我们看到这个topic就10个分区,但是副本数却有些是2,有些是1。这种是否可以直接增加分区呢,答案是不行的。

你要这个时候增加分区就会报

1
requirement failed: All partitions should have the same number of replicas.

所以要先把这些分区都设置成一样的replica.

那就先写个json,把所有Partition设置成一样的replica

1
{"version":1,"partitions":[{"topic":"Events","partition":7,"replicas":[0,1,2]},{"topic":"Events","partition":0,"replicas":[2,1,0]},{"topic":"Events","partition":1,"replicas":[0,1,2]},{"topic":"Events","partition":2,"replicas":[1,2,0]},{"topic":"Events","partition":5,"replicas":[2,1,0]},{"topic":"Events","partition":6,"replicas":[2,0,1]},{"topic":"Events","partition":9,"replicas":[2,1,0]},{"topic":"Events","partition":4,"replicas":[0,2,1]},{"topic":"Events","partition":3,"replicas":[2,1,0]},{"topic":"Events","partition":8,"replicas":[1,2,0]}]}

如果topic的分区很多,那最好自动生成这个,先我们写一个文件叫topic.json

1
2
3
4
5
6
{
"topics": [
{"topic": "Events"}
],
"version": 1
}

然后使用命令去生成迁移的json

1
./bin/kafka-reassign-partitions.sh --zookeeper prod-zk1:2181 --topics-to-move-json-file topic.json --broker-list "0,1,2" --generate

这样输出的结果复制到replication-factor.json里,自己有必要再进行手动调整。

1
./bin/kafka-reassign-partitions.sh --zookeeper prod-zk1:2181  --reassignment-json-file replication-factor.json --execute

结果又来了如下的错误

1
2
3
4
5
6
7
Partitions reassignment failed due to Partition reassignment currently in progress for Map([Events,1] -> ReassignedPartitionsContext(List(0, 1),null), [Events,8] -> ReassignedPartitionsContext(List(1, 2),null), [Events,4] -> ReassignedPartitionsContext(List(0, 2),null), [Events,2] -> ReassignedPartitionsContext(List(1, 2),null), [Events,9] -> ReassignedPartitionsContext(List(2, 1),null), [Events,7] -> ReassignedPartitionsContext(List(0, 1),null), [Events,3] -> ReassignedPartitionsContext(List(2, 1),null)).
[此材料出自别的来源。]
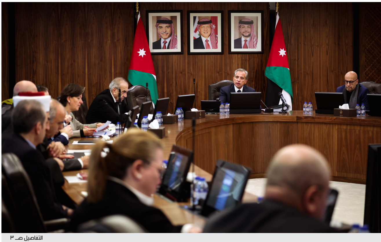
التفاصيل ص ٣

Aborting operation
kafka.common.AdminCommandFailedException: Partition reassignment currently in progress for Map([Events,1] -> ReassignedPartitionsContext(List(0, 1),null), [Events,8] -> ReassignedPartitionsContext(List(1, 2),null), [Events,4] -> ReassignedPartitionsContext(List(0, 2),null), [Events,2] -> ReassignedPartitionsContext(List(1, 2),null), [Events,9] -> ReassignedPartitionsContext(List(2, 1),null), [Events,7] -> ReassignedPartitionsContext(List(0, 1),null), [Events,3] -> ReassignedPartitionsContext(List(2, 1),null)). Aborting operation
at kafka.admin.ReassignPartitionsCommand.reassignPartitions(ReassignPartitionsCommand.scala:243)
at kafka.admin.ReassignPartitionsCommand$.executeAssignment(ReassignPartitionsCommand.scala:154)
at kafka.admin.ReassignPartitionsCommand$.executeAssignment(ReassignPartitionsCommand.scala:128)
at kafka.admin.ReassignPartitionsCommand$.main(ReassignPartitionsCommand.scala:52)
at kafka.admin.ReassignPartitionsCommand.main(ReassignPartitionsCommand.scala)

而去kafka broker里能发现如下的日志

1
2
3
4
5
6
7
8
9
10
11
12
13
14
15
16
17
18
19
20
21
22
PartitionFetchInfo(674777,1048576) (kafka.server.KafkaApis)
kafka.common.NotAssignedReplicaException: Leader 2 failed to record follower 0's position -1 since the replica is not recognized to be one of the assigned replicas 1,2 for partition
[Events,4].
at kafka.cluster.Partition.updateReplicaLogReadResult(Partition.scala:251)
at kafka.server.ReplicaManager$$anonfun$updateFollowerLogReadResults$2.apply(ReplicaManager.scala:864)
at kafka.server.ReplicaManager$$anonfun$updateFollowerLogReadResults$2.apply(ReplicaManager.scala:861)
at scala.collection.immutable.HashMap$HashMap1.foreach(HashMap.scala:221)
at scala.collection.immutable.HashMap$HashTrieMap.foreach(HashMap.scala:428)
at scala.collection.immutable.HashMap$HashTrieMap.foreach(HashMap.scala:428)
at scala.collection.immutable.HashMap$HashTrieMap.foreach(HashMap.scala:428)
at kafka.server.ReplicaManager.updateFollowerLogReadResults(ReplicaManager.scala:861)
at kafka.server.ReplicaManager.fetchMessages(ReplicaManager.scala:470)
at kafka.server.KafkaApis.handleFetchRequest(KafkaApis.scala:496)
at kafka.server.KafkaApis.handle(KafkaApis.scala:77)
at kafka.server.KafkaRequestHandler.run(KafkaRequestHandler.scala:60)
at java.lang.Thread.run(Thread.java:745)
[2020-02-XX YY:06:26,510] INFO [ReplicaFetcherManager on broker 2] Added fetcher for partitions List([[Events,8], initOffset 0 to broker BrokerEndPoint(0,prod-kafka1,9092)] ) (kafka.server.ReplicaFetcherManager)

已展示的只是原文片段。